Begin at the line holding "由于辦理業(yè)務(wù)" and set down exactly each line through the last one below, omitting pictures. Include nothing else.
::: DATA SHOWN
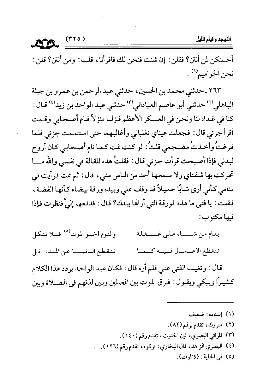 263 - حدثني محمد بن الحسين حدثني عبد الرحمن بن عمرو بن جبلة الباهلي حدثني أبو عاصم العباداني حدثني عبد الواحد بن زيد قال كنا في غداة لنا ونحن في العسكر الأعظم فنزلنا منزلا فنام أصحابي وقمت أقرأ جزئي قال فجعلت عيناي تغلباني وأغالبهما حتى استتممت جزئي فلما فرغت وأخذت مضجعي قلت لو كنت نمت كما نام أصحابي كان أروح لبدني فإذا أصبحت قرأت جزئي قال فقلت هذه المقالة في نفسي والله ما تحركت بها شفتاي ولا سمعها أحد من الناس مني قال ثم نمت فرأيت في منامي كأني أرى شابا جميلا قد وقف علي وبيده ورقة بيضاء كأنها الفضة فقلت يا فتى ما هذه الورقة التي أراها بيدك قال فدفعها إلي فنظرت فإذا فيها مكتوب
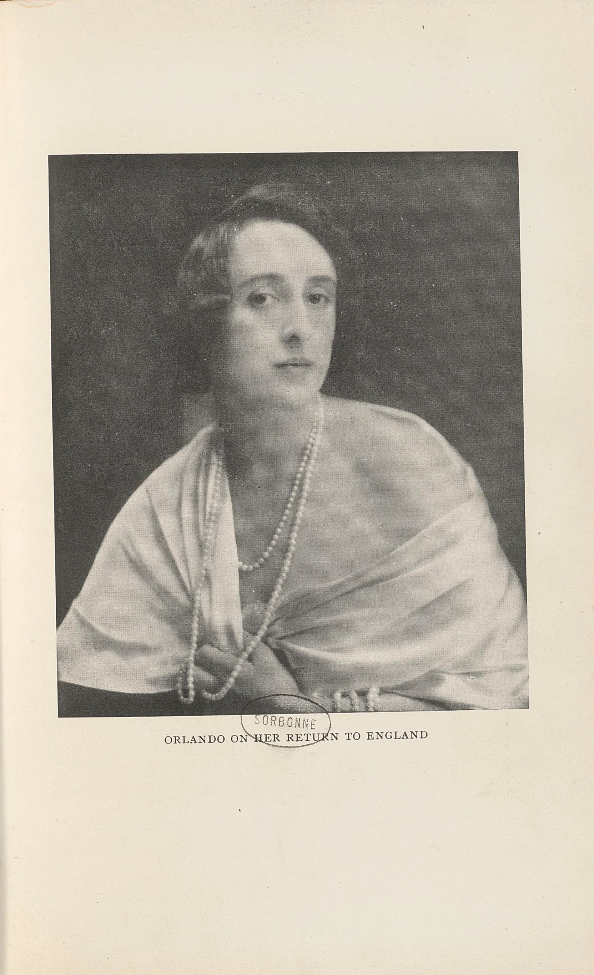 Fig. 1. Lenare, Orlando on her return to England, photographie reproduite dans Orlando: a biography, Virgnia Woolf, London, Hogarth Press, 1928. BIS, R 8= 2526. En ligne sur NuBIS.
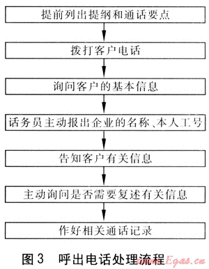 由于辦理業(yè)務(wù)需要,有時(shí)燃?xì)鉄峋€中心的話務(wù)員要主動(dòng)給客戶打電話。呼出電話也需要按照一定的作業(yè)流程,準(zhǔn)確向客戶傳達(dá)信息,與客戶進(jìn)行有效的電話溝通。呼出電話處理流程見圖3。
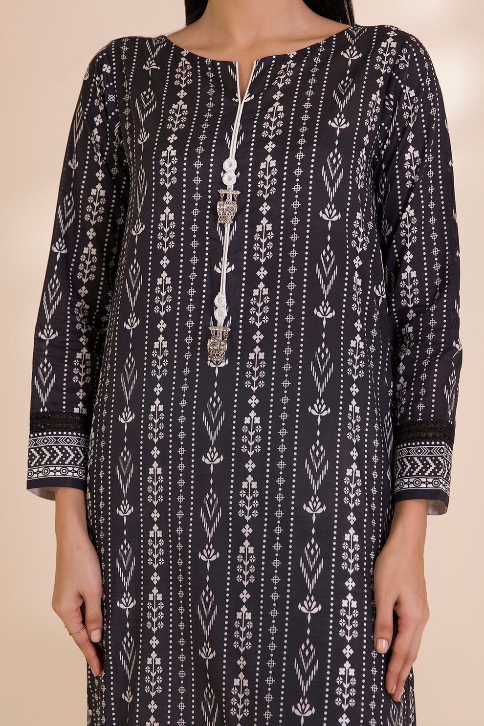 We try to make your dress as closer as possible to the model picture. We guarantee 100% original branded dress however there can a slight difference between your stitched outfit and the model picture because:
::::::
COMPLETED EXERCISE
 由于辦理業(yè)務(wù)需要,有時(shí)燃?xì)鉄峋€中心的話務(wù)員要主動(dòng)給客戶打電話。呼出電話也需要按照一定的作業(yè)流程,準(zhǔn)確向客戶傳達(dá)信息,與客戶進(jìn)行有效的電話溝通。呼出電話處理流程見圖3。
 We try to make your dress as closer as possible to the model picture. We guarantee 100% original branded dress however there can a slight difference between your stitched outfit and the model picture because:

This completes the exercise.